We’ll test a chatbot that:

Maintains conversation context
Handles different conversation types (casual, support, sales)
Manages user preferences and information
Provides appropriate responses based on context

Our tests will validate:

Context retention across turns
Response quality and tone
Handling of conversation flow
Edge cases and error scenarios

Building a Chatbot

To get started, we’ll implement a chatbot that returns a structured ChatResponse rather than a plain string.
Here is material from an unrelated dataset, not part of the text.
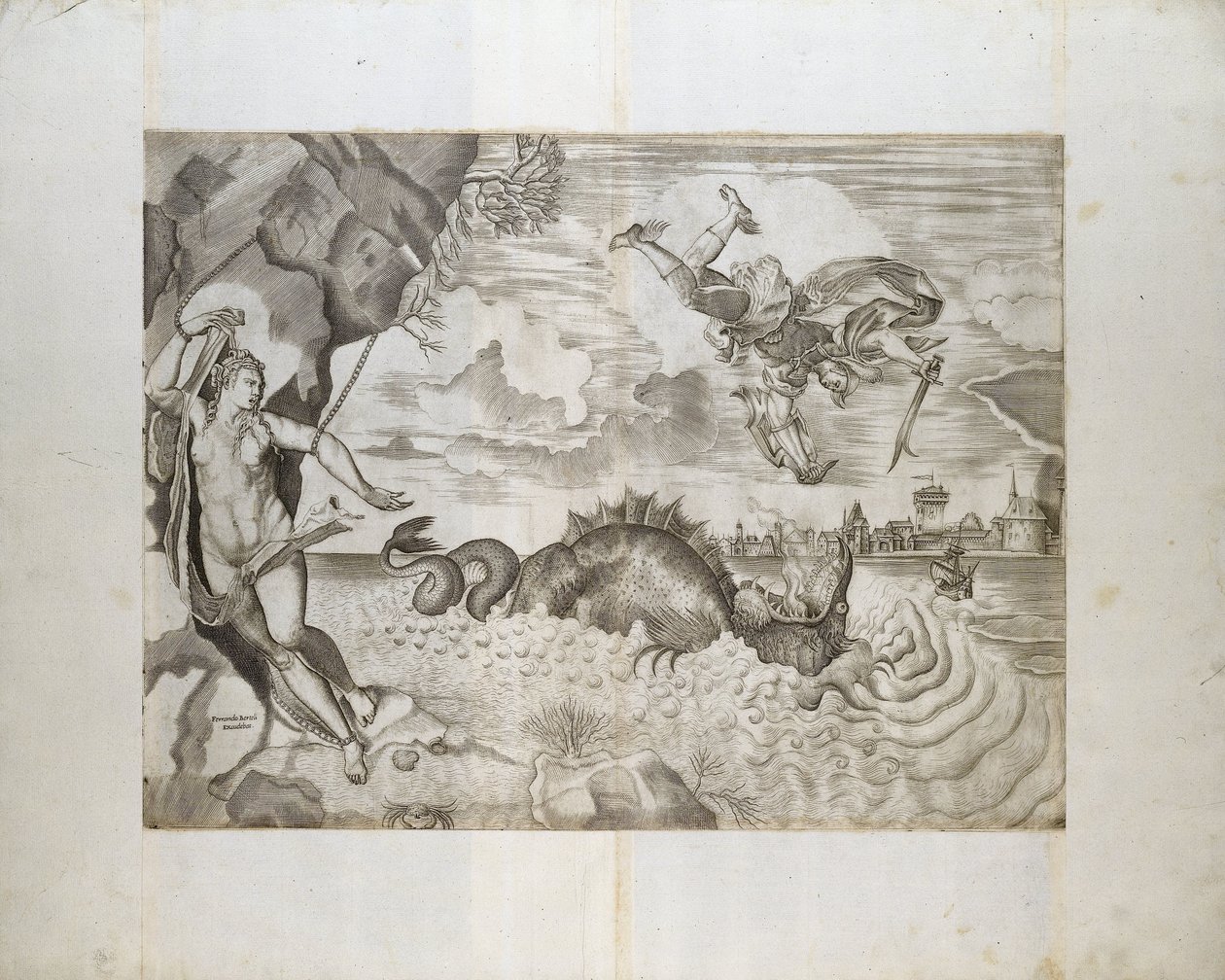 Perseo e Andromeda(Perseus and Andromeda)Giulio Sanuto(print maker),Titiaan(after painting by),Albrecht Dürer(after print by) |

This gives your checks access to the internal ConversationContext — so you can assert that the bot stored a name, detected a conversation type, or suggested an action, not just that it produced some text.

First, let’s create a simple chatbot:

from typing import Optional, Literal
from pydantic import BaseModel


class Message(BaseModel):
    role: Literal["user", "assistant", "system"]
    content: str


class ConversationContext(BaseModel):
    user_name: Optional[str] = None
    user_email: Optional[str] = None
    conversation_type: str = "casual"
    topic: Optional[str] = None


class ChatResponse(BaseModel):
    message: str
    context: ConversationContext
    suggested_actions: list[str] = []


class SimpleChatbot:
    def __init__(self, personality: str = "friendly"):
        self.personality = personality
        self.history: list[Message] = []
        self.context = ConversationContext()

    def chat(self, user_message: str) -> ChatResponse:
        """Process user message and generate response."""
        self.history.append(Message(role="user", content=user_message))

        # Update context based on message
        self._update_context(user_message)

        # Generate response
        response_text = self._generate_response(user_message)

        self.history.append(Message(role="assistant", content=response_text))

        return ChatResponse(
            message=response_text,
            context=self.context.model_copy(),
            suggested_actions=self._suggest_actions(),
        )

    def _update_context(self, message: str):
        """Extract and update context information."""
        message_lower = message.lower()

        # Extract name
        if "my name is" in message_lower or "i'm" in message_lower:
            words = message.split()
            for i, word in enumerate(words):
                if word.lower() in ["is", "i'm", "im"] and i + 1 < len(words):
                    self.context.user_name = words[i + 1].strip(",.!?")
                    break

        # Extract email
        if "@" in message:
            import re

            pattern = r"\b[A-Za-z0-9._%+-]+@[A-Za-z0-9.-]+\.[A-Z|a-z]{2,}\b"
            emails = re.findall(pattern, message)
            if emails:
                self.context.user_email = emails[0]

        # Detect conversation type
        support_words = ["help", "support", "problem", "issue"]
        sales_words = ["buy", "purchase", "price", "cost"]
        if any(word in message_lower for word in support_words):
            self.context.conversation_type = "support"
        elif any(word in message_lower for word in sales_words):
            self.context.conversation_type = "sales"

    def _generate_response(self, message: str) -> str:
        """Generate appropriate response based on context."""
        # Greeting
        greetings = ["hello", "hi", "hey"]
        if any(greeting in message.lower() for greeting in greetings):
            if self.context.user_name:
                return (
                    f"Hello {self.context.user_name}! "
                    "How can I help you today?"
                )
            return "Hello! How can I help you today?"

        # Name recall
        msg_lower = message.lower()
        if "what is my name" in msg_lower or "do you know my name" in msg_lower:
            if self.context.user_name:
                return f"Yes, your name is {self.context.user_name}."
            return "I don't believe you've told me your name yet."

        # Name introduction
        if "my name is" in msg_lower or "i'm" in msg_lower or "im " in msg_lower:
            if self.context.user_name:
                return f"Nice to meet you, {self.context.user_name}! How can I help you today?"

        # Support queries
        if self.context.conversation_type == "support":
            return (
                "I understand you need help. Let me connect you with our "
                "support team. Could you describe your issue in detail?"
            )

        # Sales queries
        if self.context.conversation_type == "sales":
            return (
                "I'd be happy to help you find the right product. "
                "What are you looking for?"
            )

        # Default
        return "I understand. Could you tell me more about that?"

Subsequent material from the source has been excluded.